Floating Point Addition: X + C == X ?
For any real number X
and any positive real number C
, X + C
is always greater than X
.
In floating point arithmetic however, “X + C == X
” can hold true in some cases.
// Doesn't panic! Try it in Rust Playground
assert!(std::f64::consts::PI + 1E-26 == std::f64::consts::PI);
When doing IEEE 754 Floating point addition of floats X & C, C (assuming exponent of C is less than exponent of X) is adjusted to have the same exponent as X, and after that the addition is finally performed.

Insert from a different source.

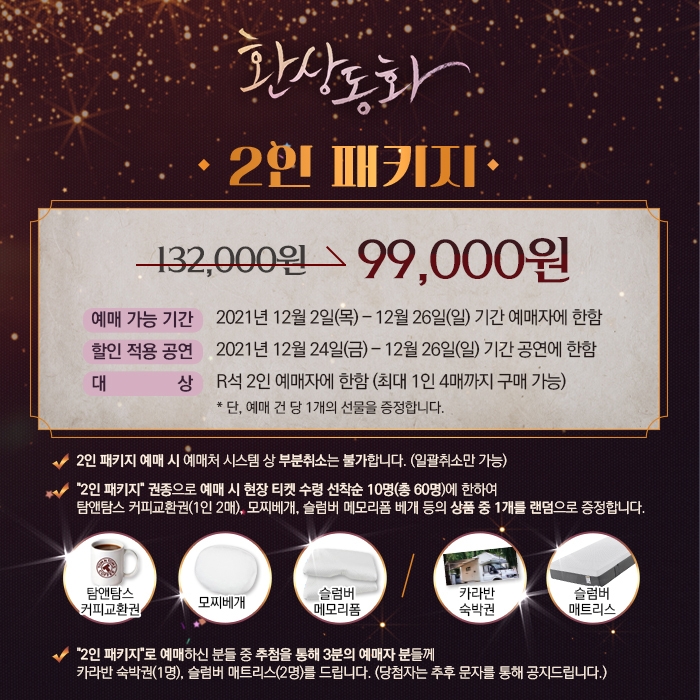 티켓 2인권 구매 시 특가 할인이 적용되며, 선착순으로 커피교환권 등을 증정한다. 관객 추첨을 통해에서 선물을 제공한다.

// HEX: 0x400921FB54442D18
const X: f64 = std::f64::consts::PI;
println!("0x{:X}", X.to_bits());
// BIN: 0b100000000001001001000011111101101010100010001000010110100011000
println!("0b{:b}", X.to_bits());
const C: f64 = 1E-26_f64;
// => HEX: 0x3A88C240C4AECB14
println!("0x{:X}", C.to_bits());
// => BIN: 0b11101010001000110000100100000011000100101011101100101100010100
println!("0b{:b}", C.to_bits());
float.exposed is a cool web-app that helps visualize and fiddle with bits of floating point numbers. Using the app, it’s easy to identify fields of a floating point number (sign, exponent, significand).
- X => 2^(1) * 0b1.1001001000011111101101010100010001000010110100011000
- C => 2^(-87) * 0b1.1000110000100100000011000100101011101100101100010100 => 2^(1) * (0b1.1000110000100100000011000100101011101100101100010100 » 88) => 2^(1) * (0b0.0000000000000000000000000000000000000000000000000000) (mantissa lost due to Truncation Error)
To add X & C, C’s representation needs to be adjusted to have the identical exponent as X.
During adjustment, bits that consist mantissa of C is lost due to Truncation Error.
So that’s why floating point addition (X + C)
can equal X
.
TODO: What are the exact steps that FPU hardware follow to implement floating point addition?